_EXCERPTED DATA_:
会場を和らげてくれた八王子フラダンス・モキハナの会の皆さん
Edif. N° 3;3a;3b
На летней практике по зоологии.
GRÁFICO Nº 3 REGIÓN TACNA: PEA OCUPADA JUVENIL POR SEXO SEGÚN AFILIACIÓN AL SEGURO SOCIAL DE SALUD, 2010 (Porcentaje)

--

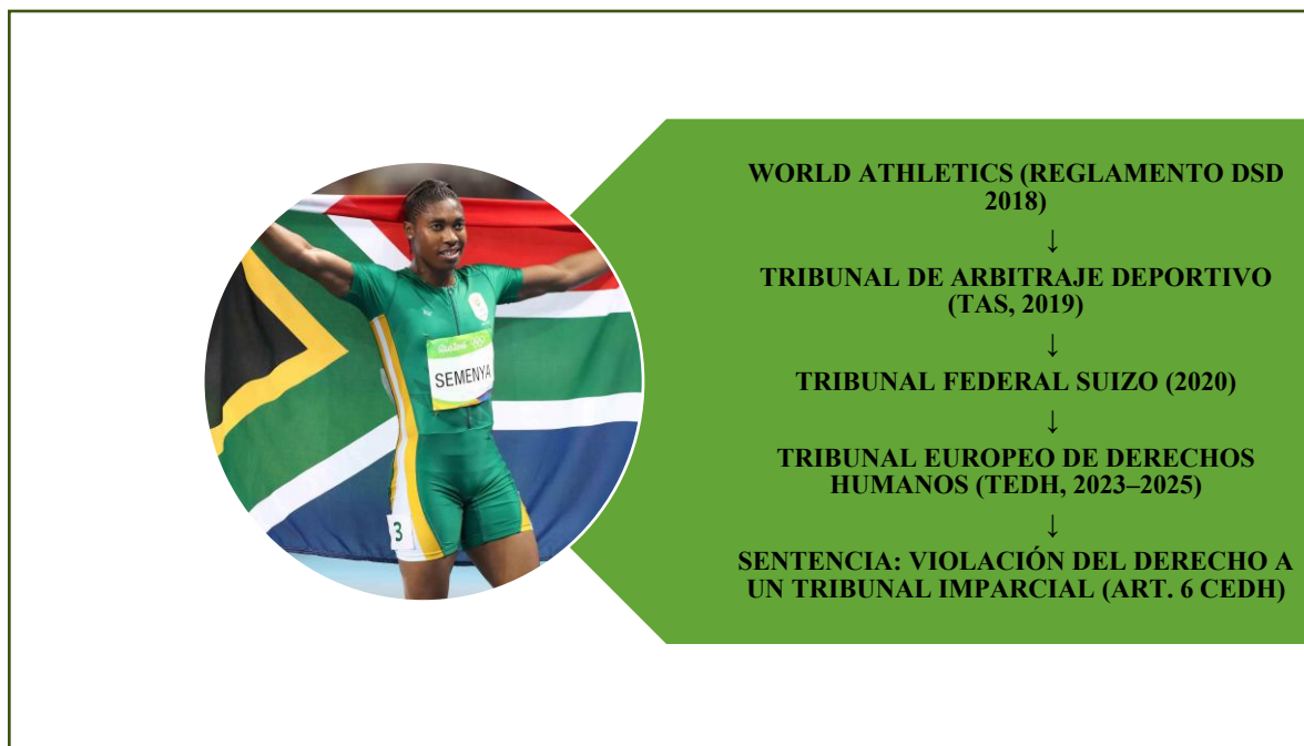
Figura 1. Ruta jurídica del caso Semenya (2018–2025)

==

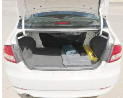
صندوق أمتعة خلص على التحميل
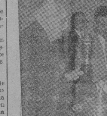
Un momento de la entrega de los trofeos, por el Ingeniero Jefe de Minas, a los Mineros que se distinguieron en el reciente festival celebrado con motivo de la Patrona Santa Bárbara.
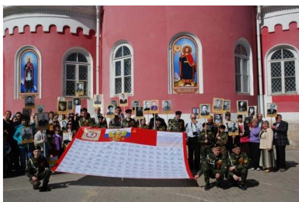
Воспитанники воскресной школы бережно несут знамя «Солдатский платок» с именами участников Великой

_WHAT YOU NEED TO DO_: The expected output is exactly the lines of the listing above between the line holding "会場を和らげてくれた八王子フラダンス・モキハナの会の皆さん" and the line holding "GRÁFICO Nº 3", inclusive.

_OUTPUT OF THE EXERCISE_:
会場を和らげてくれた八王子フラダンス・モキハナの会の皆さん
Edif. N° 3;3a;3b
На летней практике по зоологии.
GRÁFICO Nº 3 REGIÓN TACNA: PEA OCUPADA JUVENIL POR SEXO SEGÚN AFILIACIÓN AL SEGURO SOCIAL DE SALUD, 2010 (Porcentaje)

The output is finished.